Фрагмент книги. Перевод С. Силаковой
Опубликовано в журнале Иностранная литература, номер 12, 2007
Лоренс Даррелл[1]
Сицилийская карусель[2]
«Помнишь, ты как-то сказал, что в нашей одержимости Средиземноморьем есть что-то надуманное? Я говорю об островомании, изобретенной нами на Кипре, издавна свойственной всем твоим литературным шашням с Родосом и Корфу. Твоя фраза вдруг всплыла у меня в голове одним солнечным днем, когда я сидела в греческом театре в Сиракузах, читала и вязала, а дети выискивали сладкие травинки, чтобы пожевать».
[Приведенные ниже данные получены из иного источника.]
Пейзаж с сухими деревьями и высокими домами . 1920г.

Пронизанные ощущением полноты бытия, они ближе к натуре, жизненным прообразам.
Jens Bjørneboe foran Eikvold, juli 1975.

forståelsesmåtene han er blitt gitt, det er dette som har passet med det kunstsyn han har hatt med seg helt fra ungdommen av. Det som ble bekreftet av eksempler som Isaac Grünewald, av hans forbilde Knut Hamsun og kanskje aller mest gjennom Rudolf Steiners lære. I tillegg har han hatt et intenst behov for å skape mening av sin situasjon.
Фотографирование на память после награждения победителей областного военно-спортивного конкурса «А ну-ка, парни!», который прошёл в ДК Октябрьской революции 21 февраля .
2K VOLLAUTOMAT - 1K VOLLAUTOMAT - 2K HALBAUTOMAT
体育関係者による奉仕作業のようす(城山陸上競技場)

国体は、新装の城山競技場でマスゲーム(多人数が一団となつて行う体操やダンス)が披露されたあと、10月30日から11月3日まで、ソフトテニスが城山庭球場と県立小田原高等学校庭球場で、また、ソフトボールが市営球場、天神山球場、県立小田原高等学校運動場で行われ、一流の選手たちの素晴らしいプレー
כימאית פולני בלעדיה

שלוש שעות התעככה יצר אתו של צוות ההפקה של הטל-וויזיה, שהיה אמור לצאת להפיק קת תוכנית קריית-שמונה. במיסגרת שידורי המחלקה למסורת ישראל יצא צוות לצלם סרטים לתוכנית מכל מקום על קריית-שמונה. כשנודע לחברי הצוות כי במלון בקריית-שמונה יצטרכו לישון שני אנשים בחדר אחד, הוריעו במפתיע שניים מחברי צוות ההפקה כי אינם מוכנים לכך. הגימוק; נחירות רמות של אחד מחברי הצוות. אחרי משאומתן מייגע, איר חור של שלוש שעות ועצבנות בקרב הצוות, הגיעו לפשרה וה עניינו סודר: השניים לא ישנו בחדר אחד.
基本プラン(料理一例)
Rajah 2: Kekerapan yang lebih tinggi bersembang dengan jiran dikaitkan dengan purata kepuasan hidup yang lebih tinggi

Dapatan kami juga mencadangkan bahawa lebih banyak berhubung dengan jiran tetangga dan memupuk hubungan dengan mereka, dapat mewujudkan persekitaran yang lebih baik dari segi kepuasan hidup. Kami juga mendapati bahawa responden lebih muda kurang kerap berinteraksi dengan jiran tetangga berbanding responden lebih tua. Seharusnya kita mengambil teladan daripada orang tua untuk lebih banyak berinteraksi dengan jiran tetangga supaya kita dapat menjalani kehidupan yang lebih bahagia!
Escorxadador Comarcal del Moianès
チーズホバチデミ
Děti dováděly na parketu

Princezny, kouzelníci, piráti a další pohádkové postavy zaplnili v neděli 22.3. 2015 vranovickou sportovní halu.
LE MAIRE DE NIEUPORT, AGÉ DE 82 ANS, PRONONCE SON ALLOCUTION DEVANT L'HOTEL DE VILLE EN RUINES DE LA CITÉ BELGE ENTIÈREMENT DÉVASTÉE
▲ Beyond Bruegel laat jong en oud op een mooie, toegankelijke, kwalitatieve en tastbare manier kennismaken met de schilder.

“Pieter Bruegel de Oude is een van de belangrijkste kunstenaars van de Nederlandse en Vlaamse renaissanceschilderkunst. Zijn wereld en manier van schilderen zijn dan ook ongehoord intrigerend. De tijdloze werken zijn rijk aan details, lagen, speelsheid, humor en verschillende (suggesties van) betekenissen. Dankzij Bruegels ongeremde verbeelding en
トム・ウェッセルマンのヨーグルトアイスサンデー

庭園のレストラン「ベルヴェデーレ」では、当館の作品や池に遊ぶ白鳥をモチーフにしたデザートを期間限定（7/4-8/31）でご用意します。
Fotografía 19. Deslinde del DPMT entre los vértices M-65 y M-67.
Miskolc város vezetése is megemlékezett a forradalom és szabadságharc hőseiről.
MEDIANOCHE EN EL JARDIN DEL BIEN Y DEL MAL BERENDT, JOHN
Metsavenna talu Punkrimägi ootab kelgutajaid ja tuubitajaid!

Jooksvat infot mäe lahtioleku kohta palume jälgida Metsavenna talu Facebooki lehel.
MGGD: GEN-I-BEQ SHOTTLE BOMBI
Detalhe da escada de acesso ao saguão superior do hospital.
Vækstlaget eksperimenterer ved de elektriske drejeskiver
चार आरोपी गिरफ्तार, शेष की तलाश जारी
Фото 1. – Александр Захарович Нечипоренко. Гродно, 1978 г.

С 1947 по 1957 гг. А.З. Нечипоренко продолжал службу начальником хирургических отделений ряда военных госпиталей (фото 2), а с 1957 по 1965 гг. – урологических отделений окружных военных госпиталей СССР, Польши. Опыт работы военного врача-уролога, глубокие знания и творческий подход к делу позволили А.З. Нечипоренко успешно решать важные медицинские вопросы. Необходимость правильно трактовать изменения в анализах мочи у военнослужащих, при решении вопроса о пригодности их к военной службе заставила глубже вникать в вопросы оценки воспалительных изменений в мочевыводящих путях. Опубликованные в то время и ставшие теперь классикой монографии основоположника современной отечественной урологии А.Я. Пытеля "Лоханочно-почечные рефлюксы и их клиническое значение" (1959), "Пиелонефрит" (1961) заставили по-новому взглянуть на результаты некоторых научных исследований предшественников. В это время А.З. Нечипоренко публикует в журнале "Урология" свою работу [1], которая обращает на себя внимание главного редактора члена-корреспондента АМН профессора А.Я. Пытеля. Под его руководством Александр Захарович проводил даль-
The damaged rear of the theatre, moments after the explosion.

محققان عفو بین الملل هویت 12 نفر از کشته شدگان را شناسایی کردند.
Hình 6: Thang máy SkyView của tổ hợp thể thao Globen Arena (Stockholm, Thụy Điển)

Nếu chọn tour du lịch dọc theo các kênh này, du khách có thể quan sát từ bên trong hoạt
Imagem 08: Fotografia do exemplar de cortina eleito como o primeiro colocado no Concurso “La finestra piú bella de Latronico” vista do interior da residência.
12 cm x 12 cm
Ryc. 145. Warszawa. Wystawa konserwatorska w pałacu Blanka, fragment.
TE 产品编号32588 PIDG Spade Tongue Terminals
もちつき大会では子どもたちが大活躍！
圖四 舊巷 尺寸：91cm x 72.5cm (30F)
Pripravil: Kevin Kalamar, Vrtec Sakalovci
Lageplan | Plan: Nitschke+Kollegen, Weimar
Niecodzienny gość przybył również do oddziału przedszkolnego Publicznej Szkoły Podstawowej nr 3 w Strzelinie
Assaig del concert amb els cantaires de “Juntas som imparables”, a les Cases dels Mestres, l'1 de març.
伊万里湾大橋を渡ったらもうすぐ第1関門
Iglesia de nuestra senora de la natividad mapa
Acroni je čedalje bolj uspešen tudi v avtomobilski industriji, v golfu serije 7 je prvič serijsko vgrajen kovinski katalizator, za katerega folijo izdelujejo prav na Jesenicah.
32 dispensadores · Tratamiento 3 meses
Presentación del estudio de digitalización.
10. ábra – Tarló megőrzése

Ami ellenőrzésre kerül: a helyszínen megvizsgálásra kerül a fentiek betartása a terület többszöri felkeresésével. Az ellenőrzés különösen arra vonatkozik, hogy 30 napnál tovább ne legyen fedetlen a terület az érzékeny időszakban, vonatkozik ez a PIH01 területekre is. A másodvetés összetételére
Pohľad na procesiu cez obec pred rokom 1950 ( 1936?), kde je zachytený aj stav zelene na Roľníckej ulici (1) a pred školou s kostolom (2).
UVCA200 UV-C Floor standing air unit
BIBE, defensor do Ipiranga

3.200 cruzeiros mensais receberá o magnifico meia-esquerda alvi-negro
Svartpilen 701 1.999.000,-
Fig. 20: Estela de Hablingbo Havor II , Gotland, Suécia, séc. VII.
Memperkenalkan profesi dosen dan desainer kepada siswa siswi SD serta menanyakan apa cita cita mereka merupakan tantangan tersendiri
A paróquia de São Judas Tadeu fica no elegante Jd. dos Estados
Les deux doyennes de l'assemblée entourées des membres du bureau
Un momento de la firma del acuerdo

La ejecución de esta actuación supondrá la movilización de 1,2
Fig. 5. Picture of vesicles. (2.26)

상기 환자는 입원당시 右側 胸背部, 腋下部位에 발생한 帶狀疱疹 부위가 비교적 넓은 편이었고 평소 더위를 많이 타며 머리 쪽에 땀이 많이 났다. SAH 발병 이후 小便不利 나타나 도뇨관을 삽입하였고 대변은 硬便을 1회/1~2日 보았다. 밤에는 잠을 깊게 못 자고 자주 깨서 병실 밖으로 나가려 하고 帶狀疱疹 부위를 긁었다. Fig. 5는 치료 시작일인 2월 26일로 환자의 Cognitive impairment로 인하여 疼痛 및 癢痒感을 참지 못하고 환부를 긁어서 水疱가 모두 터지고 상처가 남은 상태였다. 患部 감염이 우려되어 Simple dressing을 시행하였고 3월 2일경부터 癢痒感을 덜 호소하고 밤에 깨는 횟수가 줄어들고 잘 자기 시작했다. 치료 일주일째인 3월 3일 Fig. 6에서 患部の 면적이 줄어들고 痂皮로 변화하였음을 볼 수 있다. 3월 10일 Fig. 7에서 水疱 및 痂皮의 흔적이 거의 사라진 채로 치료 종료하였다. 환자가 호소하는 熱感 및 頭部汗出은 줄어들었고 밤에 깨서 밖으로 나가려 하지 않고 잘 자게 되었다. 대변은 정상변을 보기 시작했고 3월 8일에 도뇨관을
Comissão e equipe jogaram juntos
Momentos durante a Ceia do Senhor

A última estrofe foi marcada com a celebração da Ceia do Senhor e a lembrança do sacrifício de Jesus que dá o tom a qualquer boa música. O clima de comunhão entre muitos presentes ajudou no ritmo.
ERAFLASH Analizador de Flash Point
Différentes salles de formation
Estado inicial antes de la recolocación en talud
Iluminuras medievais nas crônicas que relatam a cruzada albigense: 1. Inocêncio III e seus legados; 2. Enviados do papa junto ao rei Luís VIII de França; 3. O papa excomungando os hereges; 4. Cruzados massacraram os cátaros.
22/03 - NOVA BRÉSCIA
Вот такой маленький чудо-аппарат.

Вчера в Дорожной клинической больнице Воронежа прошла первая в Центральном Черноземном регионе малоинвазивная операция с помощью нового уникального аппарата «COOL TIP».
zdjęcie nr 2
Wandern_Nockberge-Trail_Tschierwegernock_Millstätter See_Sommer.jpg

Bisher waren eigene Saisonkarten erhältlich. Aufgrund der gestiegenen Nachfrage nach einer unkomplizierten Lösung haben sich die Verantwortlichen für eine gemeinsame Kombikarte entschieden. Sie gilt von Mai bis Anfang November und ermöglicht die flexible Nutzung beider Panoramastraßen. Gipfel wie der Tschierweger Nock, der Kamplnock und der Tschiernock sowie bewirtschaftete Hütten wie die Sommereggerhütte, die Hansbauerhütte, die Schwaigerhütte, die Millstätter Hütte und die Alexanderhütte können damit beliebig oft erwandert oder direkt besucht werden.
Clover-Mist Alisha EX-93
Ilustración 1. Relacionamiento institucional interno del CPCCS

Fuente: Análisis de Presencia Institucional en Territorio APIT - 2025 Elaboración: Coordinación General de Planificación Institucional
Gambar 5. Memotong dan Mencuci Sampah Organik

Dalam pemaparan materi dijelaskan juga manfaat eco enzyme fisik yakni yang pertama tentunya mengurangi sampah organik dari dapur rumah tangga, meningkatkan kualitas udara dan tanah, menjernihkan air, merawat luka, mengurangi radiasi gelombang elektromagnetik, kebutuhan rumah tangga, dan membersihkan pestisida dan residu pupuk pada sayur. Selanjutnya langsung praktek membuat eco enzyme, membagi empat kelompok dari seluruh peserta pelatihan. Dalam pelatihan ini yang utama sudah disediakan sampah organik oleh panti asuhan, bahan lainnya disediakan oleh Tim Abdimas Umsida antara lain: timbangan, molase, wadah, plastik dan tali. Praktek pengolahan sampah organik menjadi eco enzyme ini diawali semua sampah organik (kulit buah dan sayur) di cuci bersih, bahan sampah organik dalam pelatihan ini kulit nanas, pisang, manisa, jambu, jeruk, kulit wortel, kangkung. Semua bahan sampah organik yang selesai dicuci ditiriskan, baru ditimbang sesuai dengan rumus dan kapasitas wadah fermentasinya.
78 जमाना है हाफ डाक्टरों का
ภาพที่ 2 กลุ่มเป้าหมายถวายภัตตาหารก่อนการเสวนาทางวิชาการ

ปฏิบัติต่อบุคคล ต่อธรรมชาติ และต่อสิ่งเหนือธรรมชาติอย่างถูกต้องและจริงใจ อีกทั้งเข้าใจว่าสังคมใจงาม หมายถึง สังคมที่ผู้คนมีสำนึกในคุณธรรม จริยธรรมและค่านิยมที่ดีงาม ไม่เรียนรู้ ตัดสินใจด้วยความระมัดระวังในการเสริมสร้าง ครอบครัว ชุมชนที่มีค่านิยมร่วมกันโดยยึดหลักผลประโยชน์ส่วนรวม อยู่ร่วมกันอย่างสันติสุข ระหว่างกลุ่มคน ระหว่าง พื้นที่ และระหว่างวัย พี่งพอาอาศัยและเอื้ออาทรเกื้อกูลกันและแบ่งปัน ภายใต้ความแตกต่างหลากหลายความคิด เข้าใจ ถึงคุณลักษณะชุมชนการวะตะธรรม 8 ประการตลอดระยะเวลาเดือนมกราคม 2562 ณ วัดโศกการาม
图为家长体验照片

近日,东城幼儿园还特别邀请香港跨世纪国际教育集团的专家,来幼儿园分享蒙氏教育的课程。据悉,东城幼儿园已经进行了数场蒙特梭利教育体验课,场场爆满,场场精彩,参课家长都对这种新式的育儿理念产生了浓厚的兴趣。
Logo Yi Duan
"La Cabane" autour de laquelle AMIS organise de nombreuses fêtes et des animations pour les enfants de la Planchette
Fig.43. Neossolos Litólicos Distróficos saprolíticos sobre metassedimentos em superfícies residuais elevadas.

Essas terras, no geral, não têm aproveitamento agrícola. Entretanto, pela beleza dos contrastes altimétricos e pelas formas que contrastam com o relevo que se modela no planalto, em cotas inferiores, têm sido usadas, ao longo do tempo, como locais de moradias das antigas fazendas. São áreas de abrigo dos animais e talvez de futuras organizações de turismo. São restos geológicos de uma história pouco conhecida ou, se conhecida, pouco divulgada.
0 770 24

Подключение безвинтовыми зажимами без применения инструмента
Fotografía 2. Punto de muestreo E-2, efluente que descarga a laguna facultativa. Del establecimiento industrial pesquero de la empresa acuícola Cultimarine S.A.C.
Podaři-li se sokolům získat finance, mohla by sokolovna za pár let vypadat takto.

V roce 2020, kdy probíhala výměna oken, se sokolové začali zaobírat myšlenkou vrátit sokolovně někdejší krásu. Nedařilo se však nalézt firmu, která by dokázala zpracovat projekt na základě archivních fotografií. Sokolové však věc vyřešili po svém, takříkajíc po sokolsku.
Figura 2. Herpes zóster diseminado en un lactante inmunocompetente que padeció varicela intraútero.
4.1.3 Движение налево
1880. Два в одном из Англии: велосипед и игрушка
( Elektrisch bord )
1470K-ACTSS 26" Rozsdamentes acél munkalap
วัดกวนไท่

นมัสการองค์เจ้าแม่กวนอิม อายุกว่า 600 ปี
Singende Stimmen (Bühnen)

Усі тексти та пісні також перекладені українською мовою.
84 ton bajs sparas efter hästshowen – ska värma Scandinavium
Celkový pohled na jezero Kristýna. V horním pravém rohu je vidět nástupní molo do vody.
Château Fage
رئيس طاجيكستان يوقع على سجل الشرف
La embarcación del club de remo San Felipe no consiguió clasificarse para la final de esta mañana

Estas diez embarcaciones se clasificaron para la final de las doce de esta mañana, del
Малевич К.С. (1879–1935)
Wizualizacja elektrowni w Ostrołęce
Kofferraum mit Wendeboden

Мартина позабыла, чтó именно навело меня на эту мысль, но я все помнил отчетливо. Меня внезапно осенило, что мы никогда особенно не задумывались над тем, каковы были все эти острова (Кипр, Сицилия и другие) раньше, до того, как покрылись фантастическими зарослями храмов и статуй — всеми этими проявлениями цельной и уверенной в себе культуры, которая из пустоты сотворила изобилие, а из беспорядочности дикой природы — красоту; культуры, создавшей религиозность, грамотность, искусство. Достаточно мельком увидеть следы более ранних культур, чтобы осознать всеохватную определенность эллинского напора — его блистательную свободу от колебаний, от сомнений в себе. Но этот напор одинаково питался тем, чем греки засевали землю, и тем, что они на ней воздвигали: города, храмы, портовые сооружения. В каком-то смысле наши представления о Средиземноморье кристаллизуются вокруг образов, зароненных греками в его почву, — в почву Великой Греции (какое удачное название!). На Сицилии видишь, что Средиземноморье развивалось в одном ритме с человеком, что развивались они вместе. Они взаимно открывались друг другу, и из этих отношений родилась греческая культура. На Сицилии это видится яснее, чем где бы то ни было: греки прибыли сюда в пору, когда культура их отечества находилась на пике расцвета, а сходство климата и ландшафтов позволило им не видоизменять ни обряды поклонения богам, ни политическое устройство, ни законы. Афины развивались здесь столь же благочестиво и строго, как и в самой Греции. Упоминая об Афинах, я позволяю себе определенную вольность, поскольку первые греческие колонисты прибыли из разных мест; но культурные проблемы, хотя бы в форме яростных разногласий и споров, были впервые подняты в Афинах и Афинами. В каком-то смысле термины «греческое» и «Афины» синонимичны для всех, кроме пуристов и историков.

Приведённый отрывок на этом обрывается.